Record set:
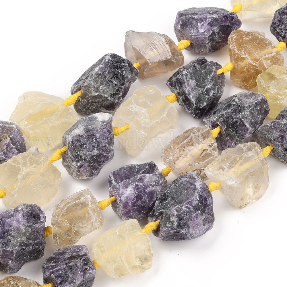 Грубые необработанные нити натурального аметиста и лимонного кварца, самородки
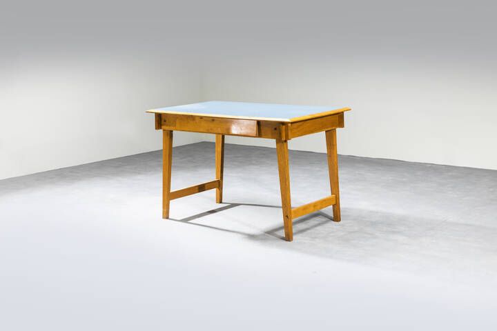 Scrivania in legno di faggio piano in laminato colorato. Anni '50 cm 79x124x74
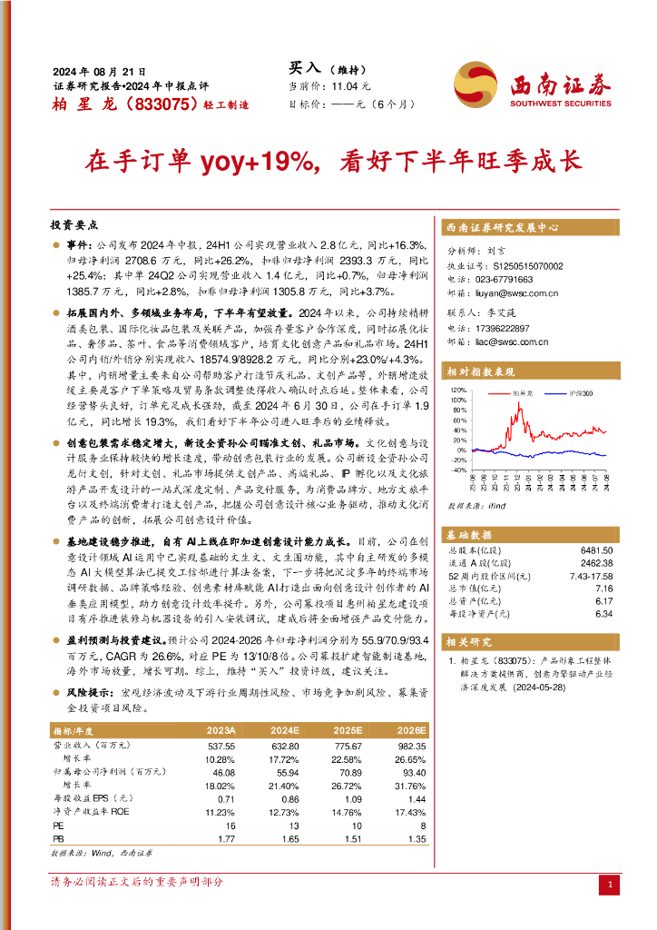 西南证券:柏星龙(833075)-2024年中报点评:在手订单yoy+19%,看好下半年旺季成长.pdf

...

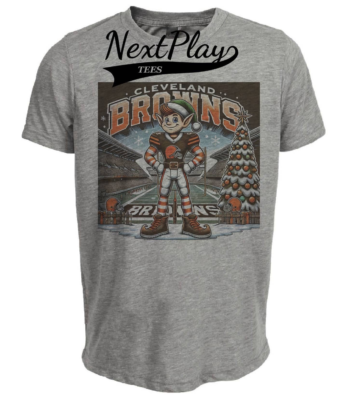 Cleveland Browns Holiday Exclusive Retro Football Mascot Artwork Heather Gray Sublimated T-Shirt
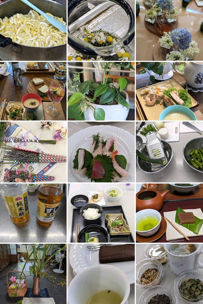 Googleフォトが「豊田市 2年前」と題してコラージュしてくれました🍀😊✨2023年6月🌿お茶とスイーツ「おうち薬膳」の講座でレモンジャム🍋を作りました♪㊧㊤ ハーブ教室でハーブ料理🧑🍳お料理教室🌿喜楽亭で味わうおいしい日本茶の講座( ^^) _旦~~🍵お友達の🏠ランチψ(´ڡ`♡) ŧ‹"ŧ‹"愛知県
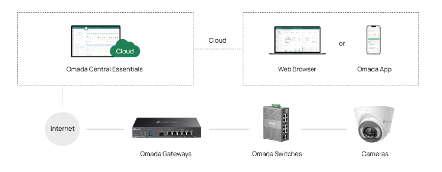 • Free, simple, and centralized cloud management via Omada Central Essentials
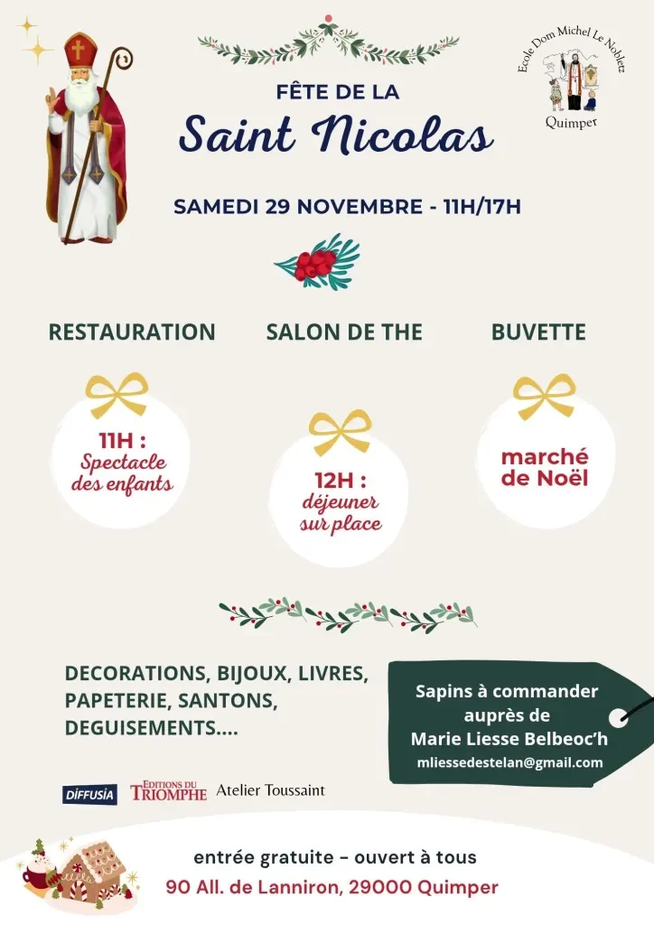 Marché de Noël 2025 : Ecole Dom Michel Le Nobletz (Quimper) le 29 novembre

...

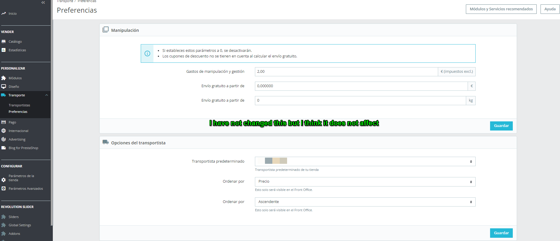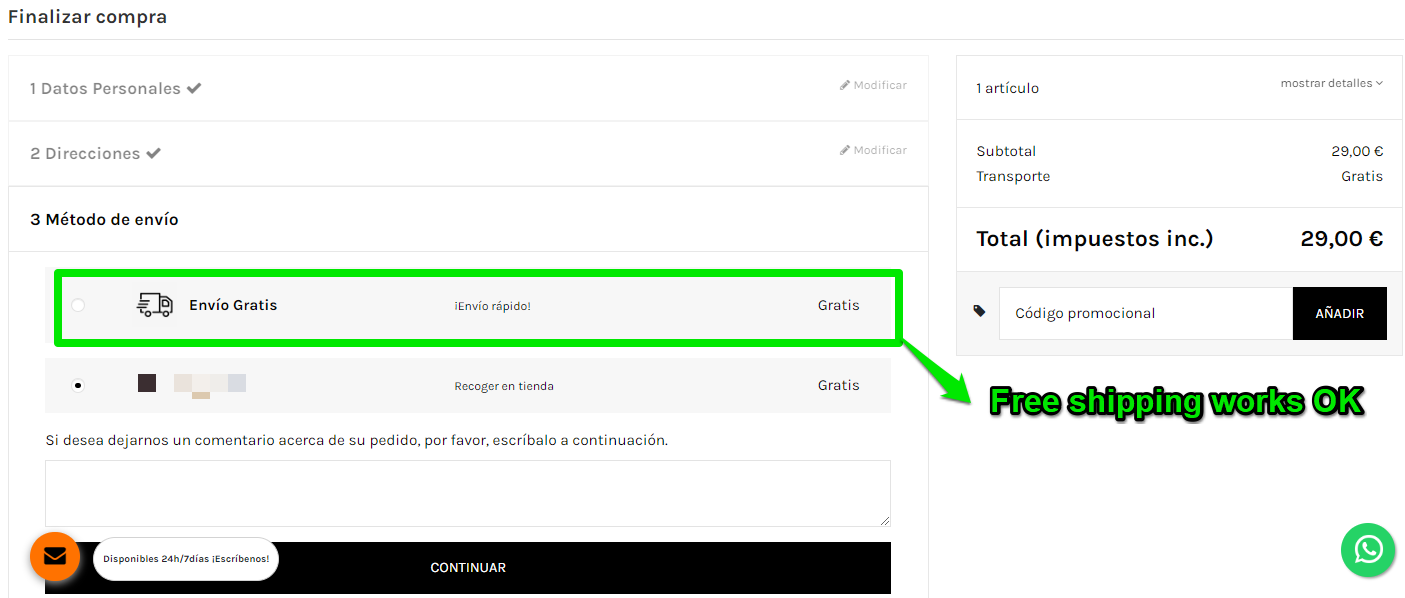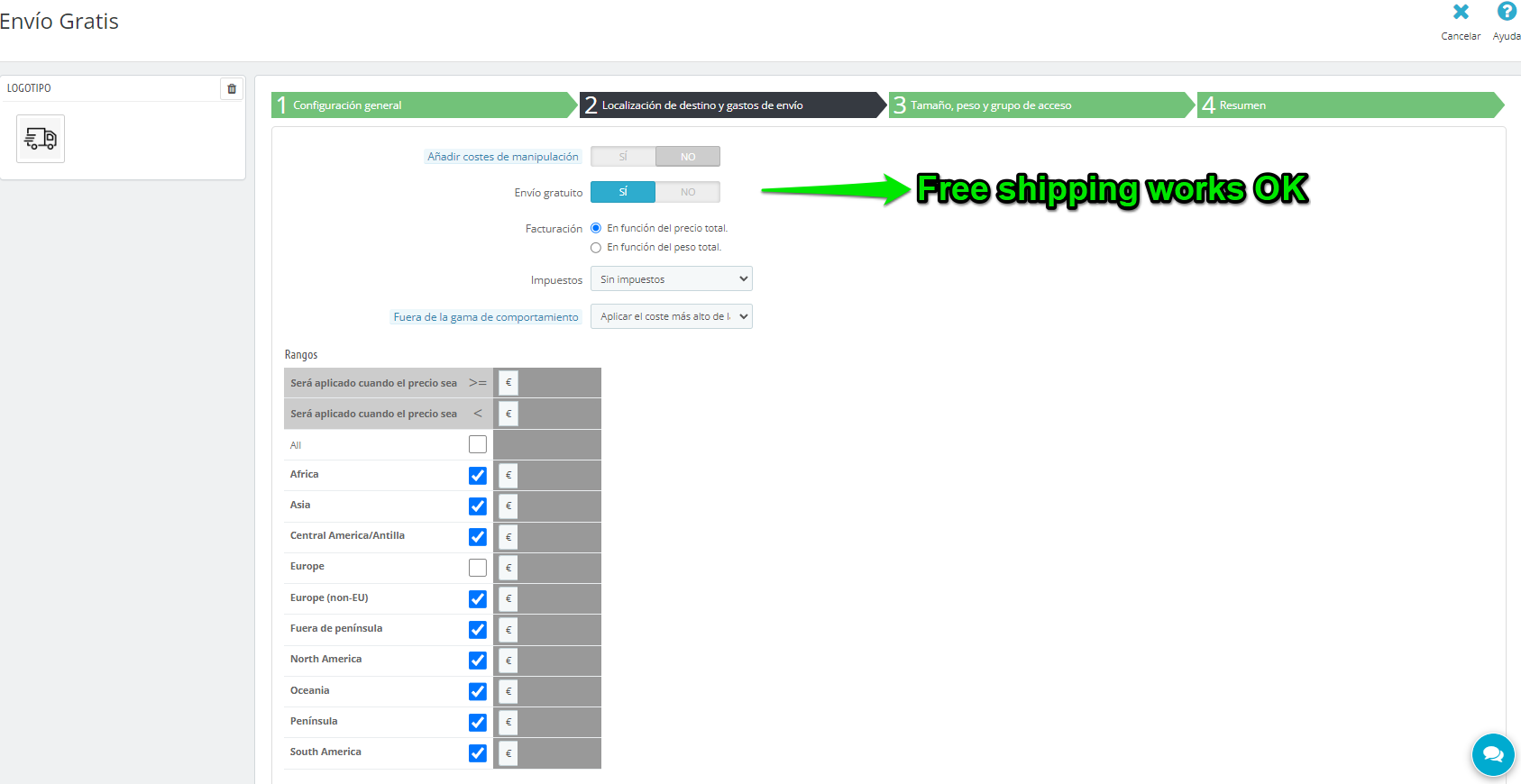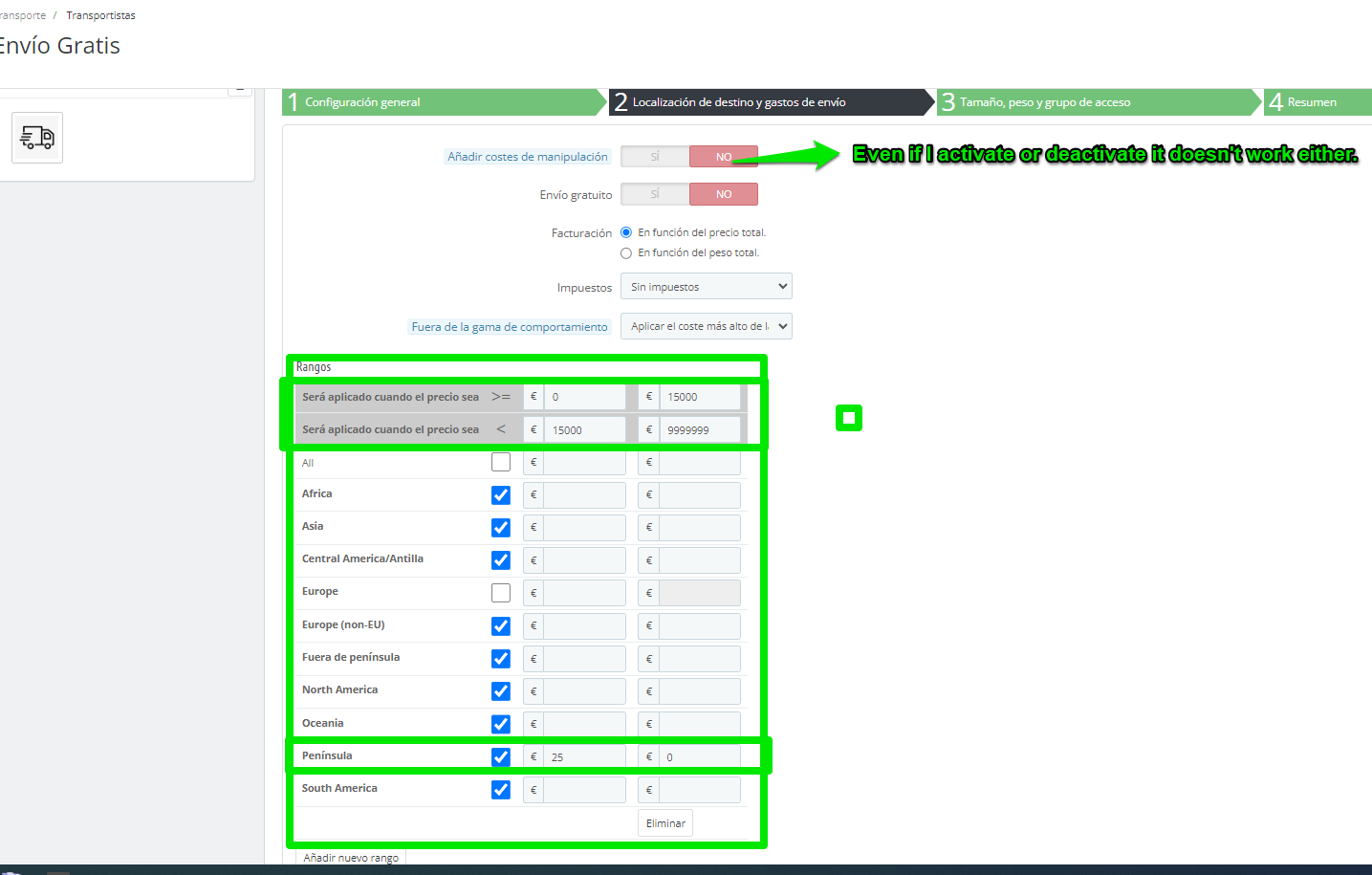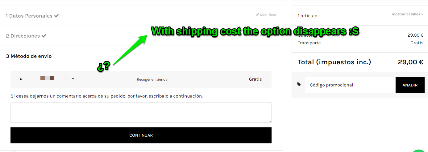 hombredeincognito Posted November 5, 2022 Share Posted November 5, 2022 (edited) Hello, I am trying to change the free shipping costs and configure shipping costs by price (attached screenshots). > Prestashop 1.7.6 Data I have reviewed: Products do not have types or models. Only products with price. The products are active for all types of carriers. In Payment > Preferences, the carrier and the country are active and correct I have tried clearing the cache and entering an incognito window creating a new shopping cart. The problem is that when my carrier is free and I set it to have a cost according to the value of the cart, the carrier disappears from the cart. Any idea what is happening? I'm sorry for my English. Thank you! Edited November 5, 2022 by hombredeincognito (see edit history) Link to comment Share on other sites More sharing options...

Work instruction:
Go down the entries above from the line containing "Грубые необработанные нити" to the line containing "西南证券:柏星龙(83307" and write out each line exactly, leaving pictures out.

Solution to the problem:
 Грубые необработанные нити натурального аметиста и лимонного кварца, самородки
 Scrivania in legno di faggio piano in laminato colorato. Anni '50 cm 79x124x74
 西南证券:柏星龙(833075)-2024年中报点评:在手订单yoy+19%,看好下半年旺季成长.pdf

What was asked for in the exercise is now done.